Subcontractors everywhere are scrambling for work, and what work they’re managing to land isn’t very profitable, but there’s at least one little silver lining amid all the clouds. According to the American Subcontractors Association (ASA), legislators in various states across the country are adopting reforms that ensure prompt and full payment for the work performed by construction subcontractors.



Subcontractors everywhere are scrambling for work, and what work they’re managing to land isn’t very profitable, but there’s at least one little silver lining amid all the clouds. According to the American Subcontractors Association (ASA), legislators in various states across the country are adopting reforms that ensure prompt and full payment for the work performed by construction subcontractors.

That’s the gist of a report issued by ASA last November: “The ASA Report: The Policy Environment in the States.” Details can be accessed at www.asaonline.com.

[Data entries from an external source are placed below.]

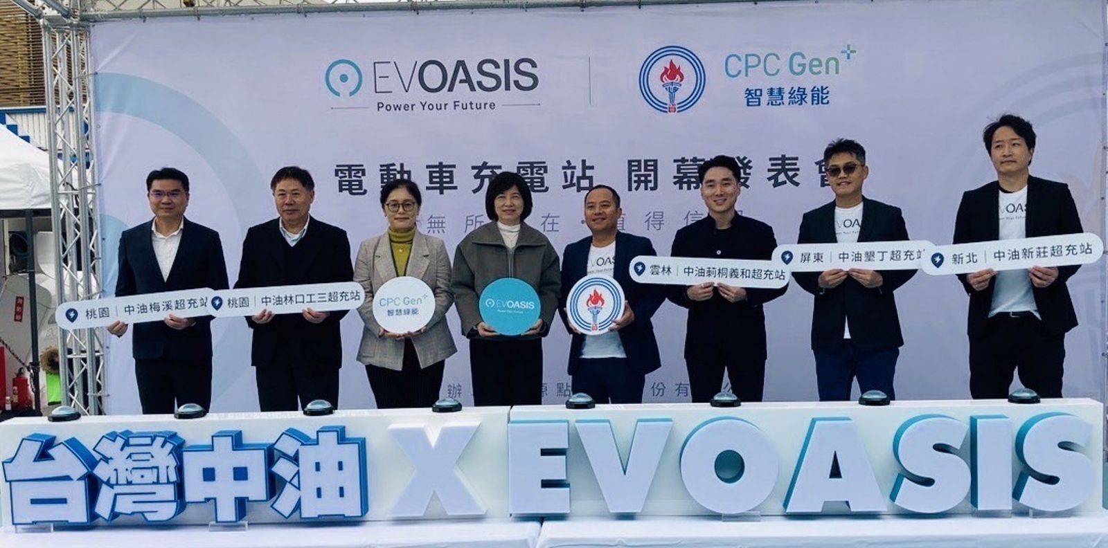 EVOASIS今日於桃園市龜山區林口工三加油站舉辦「電動車充電站」開幕儀式,揭開雙方合作經營序幕,代表著雙方對於台灣能源轉型的重視,建立良好的充電網絡,提供消費者優良的充電環境。
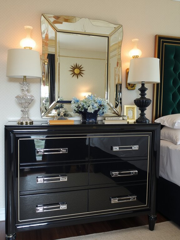The lacquered black dresser set combines sophistication with dramatic style, featuring a high-gloss finish that catches light and creates visual impact. Its streamlined silhouette and polished surface exemplify classic Art Deco design elements while offering versatile decorating options through metallic hardware choices.
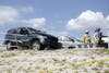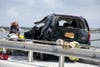 The deputy turned on his cruiser's flashing lights and once he made it onto the bridge he sawΒ the suspect's car rear-ended a 2006 GMC Envoy, which caused it to spin around and flip onto the hood of a Dodge Journey in the eastbound lane, Barreda said.
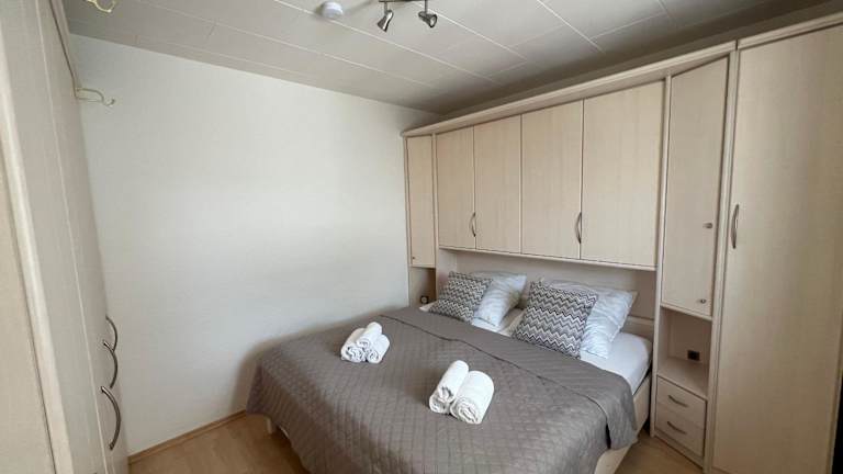 Der Bungalow ist mit zwei Schlafzimmern ausgestattet und bietet eine voll ausgestattete Küchenzeile. Die Küche enthält einen Kühlschrank, einen Geschirrspüler, eine Waschmaschine, einen Ofen und eine Mikrowelle. Zudem stehen ein TV sowie Handtücher und Bettwäsche zur Verfügung.
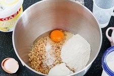 - Danach vermengst Du mit dem Teigrührer der Küchenmaschine/Handmixer oder den Händen die Croissant-Brösel mit dem Mehl, dem 1 TL Salz, dem Joghurt, Wasser und dem Ei.
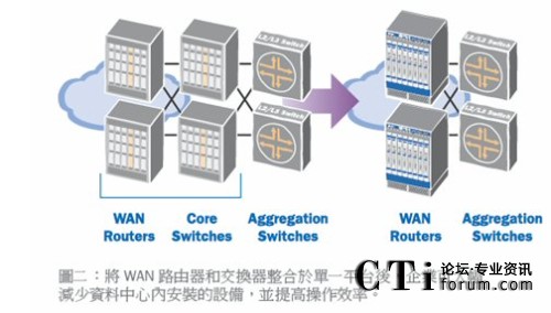 今天,許多WAN服務(wù)是由以太網(wǎng)設(shè)備提供的,因此必須在廣域網(wǎng)和局域網(wǎng)設(shè)備之間進(jìn)行介質(zhì)轉(zhuǎn)換,而新一代交換機(jī)則可省去這一步驟。許多新式交換平臺可提供穩(wěn)定的路由功能,并支持OC-12和其他廣域網(wǎng)接口,使得IT人員能夠?qū)V域網(wǎng)路由和局域網(wǎng)核心交換功能全部整合到下一代交換機(jī)平臺中。通過扁平化的網(wǎng)絡(luò)架構(gòu),企業(yè)可減少資本支出和操作費(fèi)用,同時還可降低網(wǎng)絡(luò)復(fù)雜度并提升正常運(yùn)營的時長。
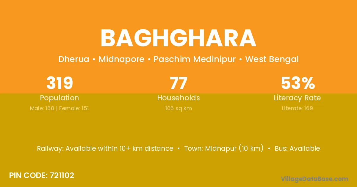 Midnapur (26 km) is the nearest town to Baghghara village for major economic activities and is located approximately 26 km away.
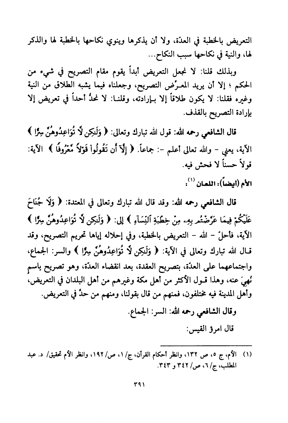 قال الشَّافِعِي رحمه الله: وقد قال الله تبارك وتعالى في المعتدة: (وَلَا جُنَاحَ عَلَيْكُمْ فِيمَا عَرَّضْتُمْ بِهِ مِنْ خِطْبَةِ النِّسَاءِ) إلى: (وَلَكِنْ لَا تُوَاعِدُوهُنَّ سِرًّا)
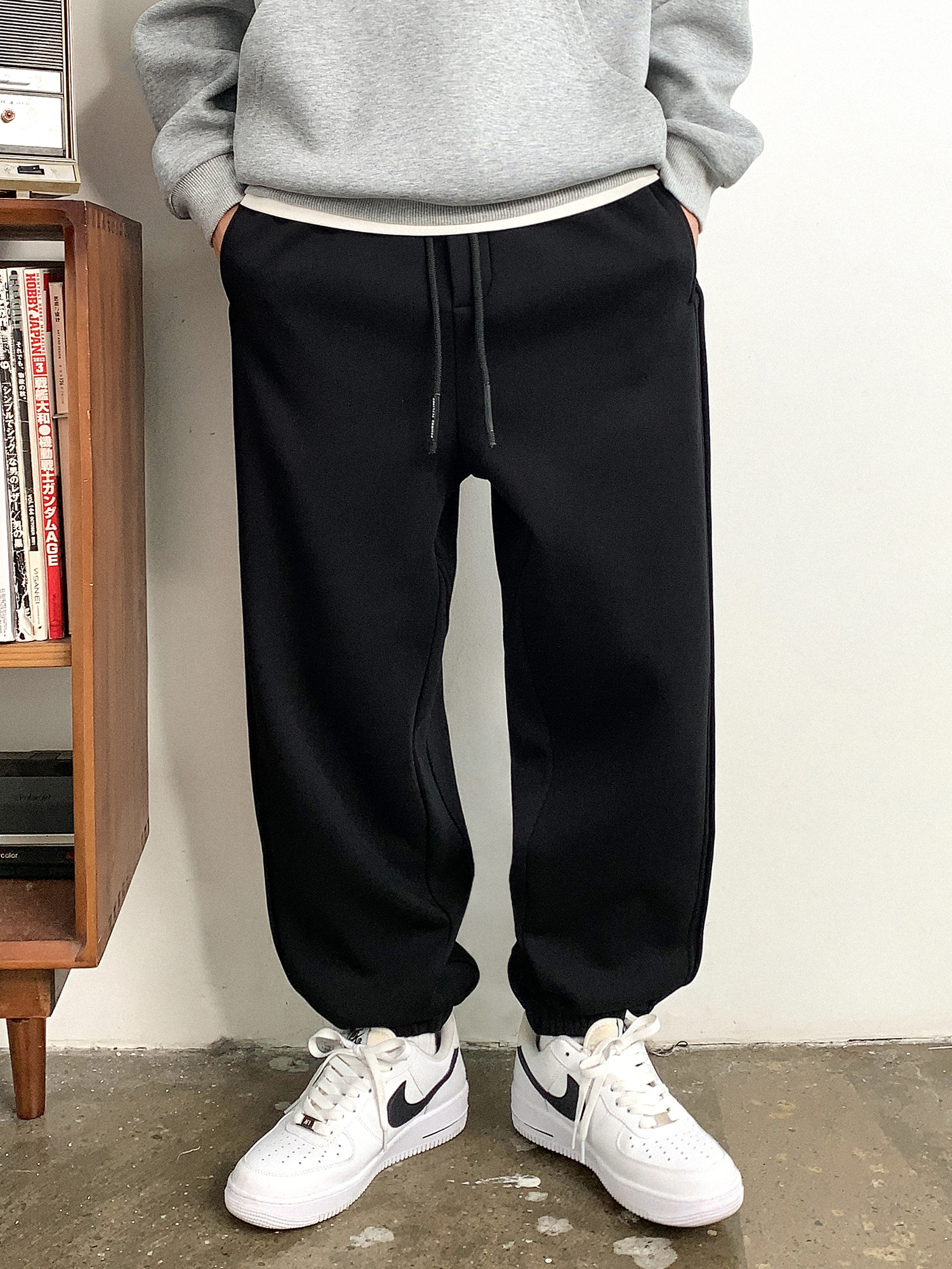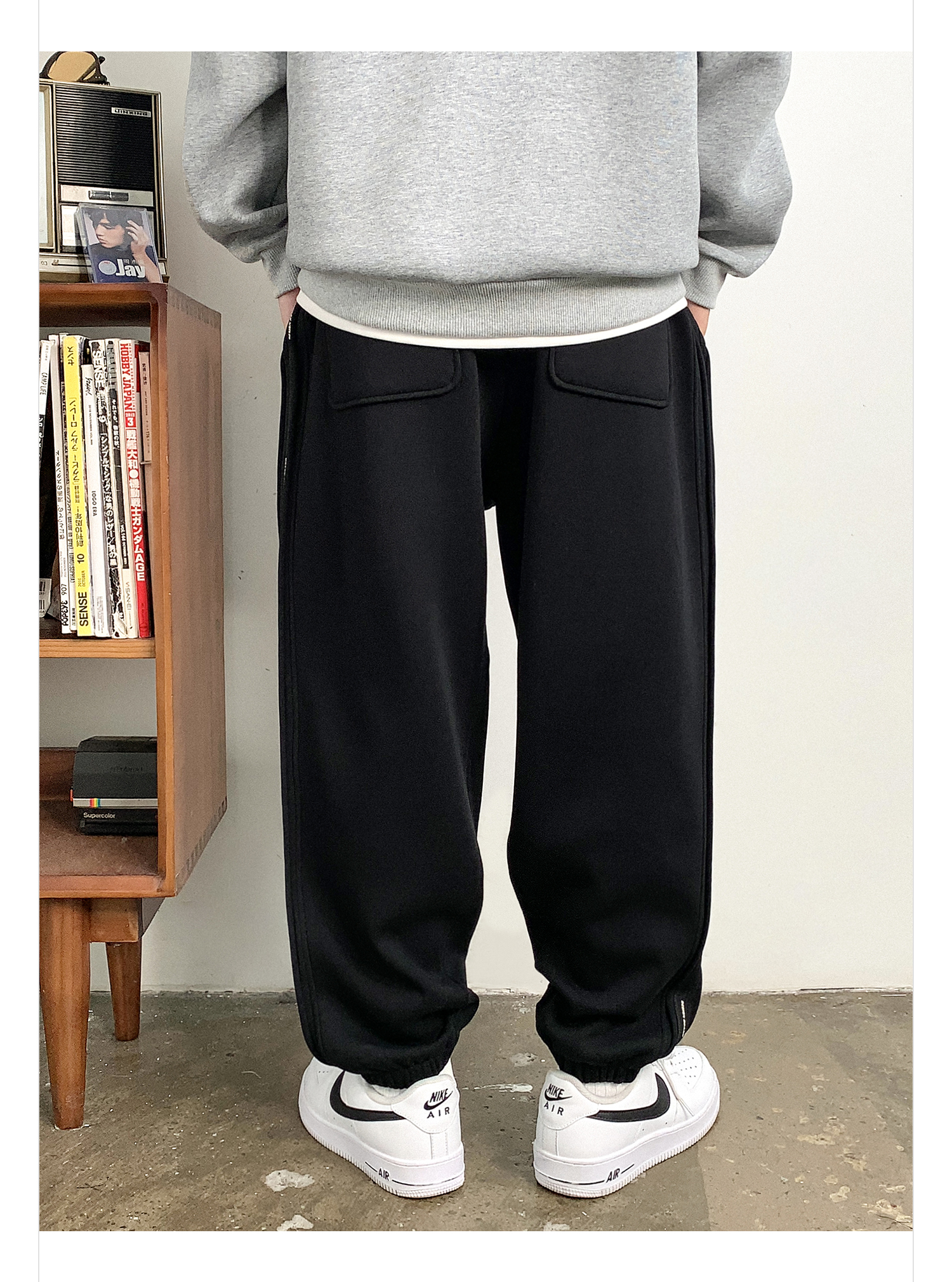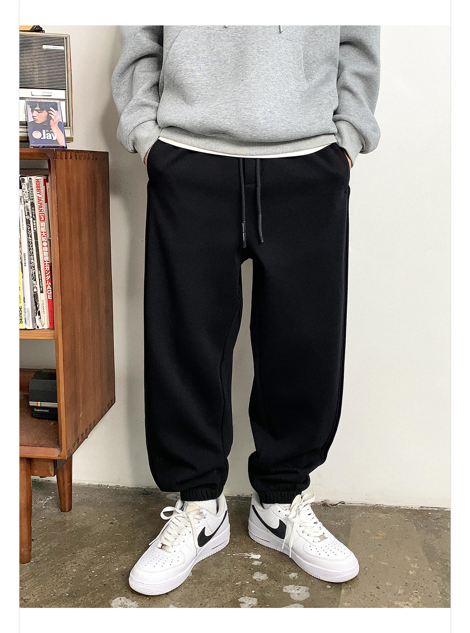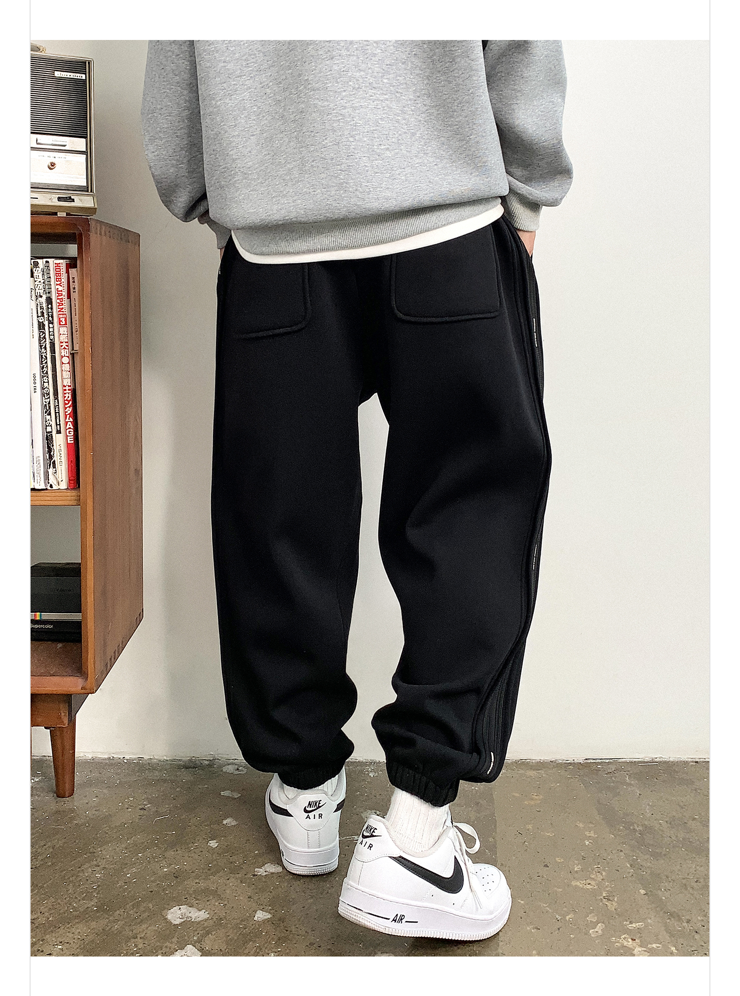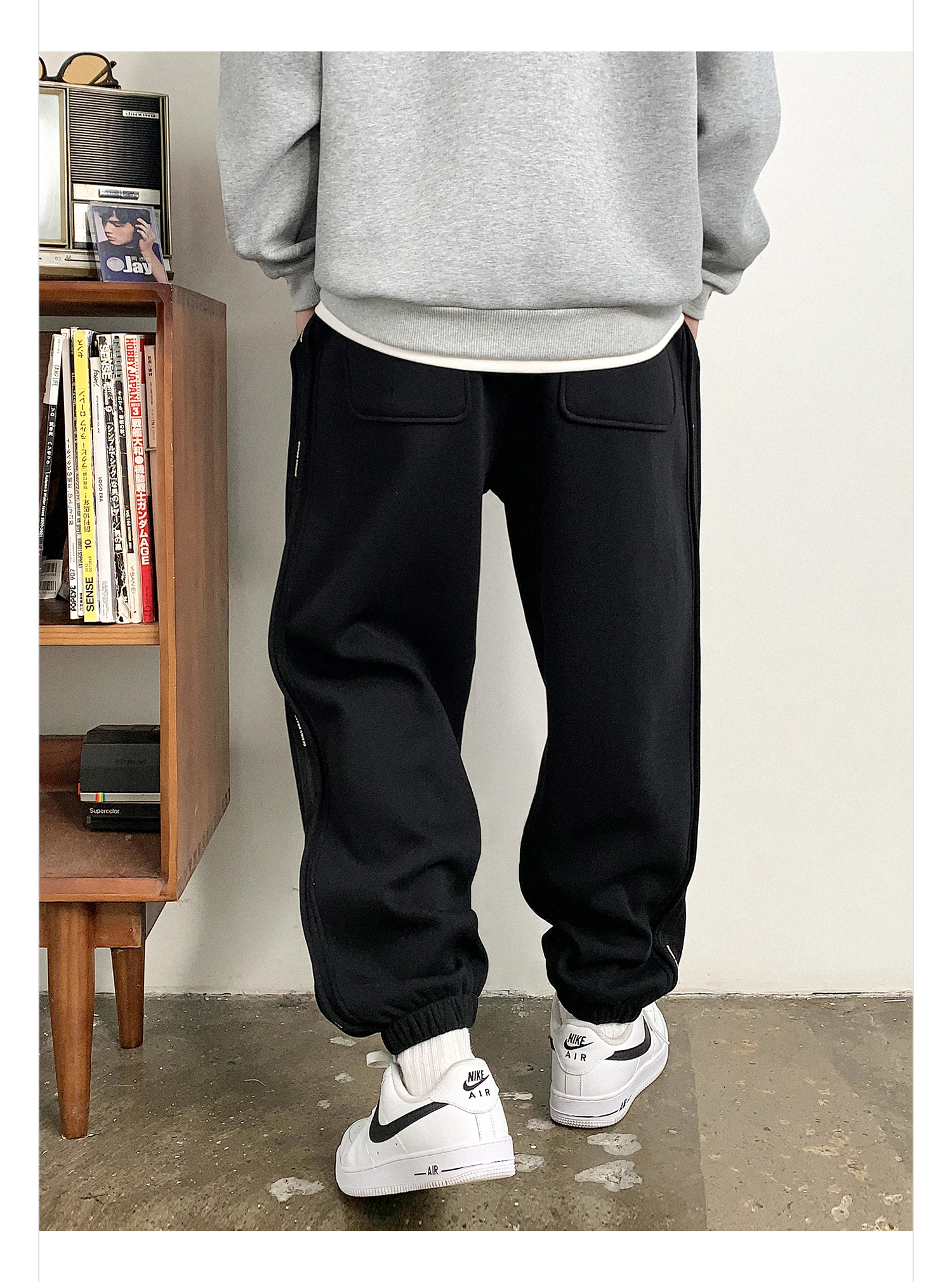 徐太浪时尚痞帅黑色运动卫裤男秋冬季加绒加厚宽松束脚哈伦裤长裤
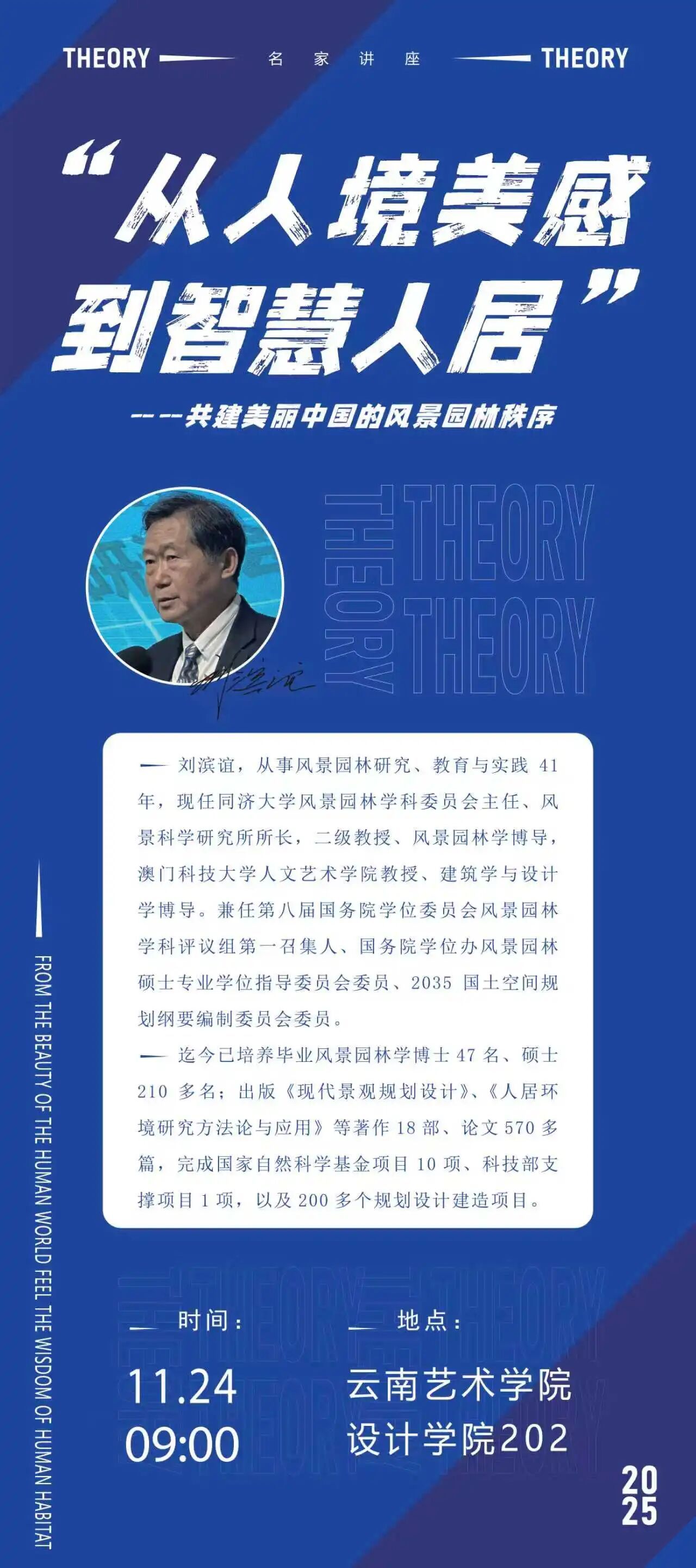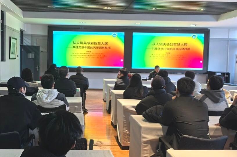 刘滨谊为环境设计专业师生带来了一场题为《从人境美感到智慧人居——共建美丽中国的风景园林秩序》的精彩学术讲座。他从风景园林塑造“人境美感”的理论源头出发,深入探讨其在提升个体审美体验与精神福祉方面的重要意义;进而结合“智慧人居”的时代趋势,阐释风景园林在人居环境建设中的引领作用,及其在促进社会和谐与群体关系协调方面的价值。最后,他立足中国风景园林学科的现状与发展需求,强调学科应回归本质、凝练核心概念、梳理内在逻辑、整合知识体系,以肩负起支撑“美丽中国”建设的新时代使命。整场讲座内容翔实、见解独到,为在场师生带来深刻启发,现场气氛热烈。

ASA is the lobbying arm for subcontractors and their trade groups across the spectrum of construction trades. “There’s a saying in the industry: The only thing worse than no job is a job with a non-paying customer,” said 2010-11 ASA President Timmy McLaughlin, Austin Construction Co., Summerville, S.C. “Subcontractors provide credit for projects on promises of future payment and are operating at the tightest margins. In this economy, they can’t afford clients who pay late or hold excessive retainage, just as the clients can’t afford subcontractors who don’t perform. It’s a two-way street and legislators can grasp the fundamental fairness of prompt and full pay for prompt and full performance.”

Arizona, Oklahoma and Nebraska are among states that last year enacted laws both strengthening prompt payment and restricting the practice of retainage. Kansas and Massachusetts were singled out for making significant strides in improving individual prompt payment or retainage laws. Also noteworthy is a new anti-indemnity law in Louisiana (S.B. 625) that severely limits risk transfer.

ASA’s report scores and grades each state in seven policy areas and uses the results to calculate an overall score, grade and rank for each state. Taking into account both laws and judicial decisions, the report scores: (1) Prompt payment protections; (2) Treatment of pay-if-paid clauses; (3) Mechanic’s lien protections; (4) Payment bond protections; (5) Retainage limitations; (6) Anti-indemnity protections, including limits on “additional insured” endorsements; and (7) Anti-“bid shopping” measures.

Beginning in 2009, ASA added “extra credit” for states that have taken the initiative to regulate controlled insurance programs. These non-standard insurance programs can have hidden risks for subcontractors.

Research showed great variation among the states in the level of protection and support that they offer to subcontractors and suppliers, and scoring was complex. For example, mechanic’s lien laws vary in how many tiers of construction can claim liens, the construction owner’s liability, whether lien rights can be contractually waived, and notice and filing requirements. ASA developed evaluation factors for each policy area and assigned a maximum number of points that could be accrued for each factor. The result was a numerical score and letter grade for each policy area for each state.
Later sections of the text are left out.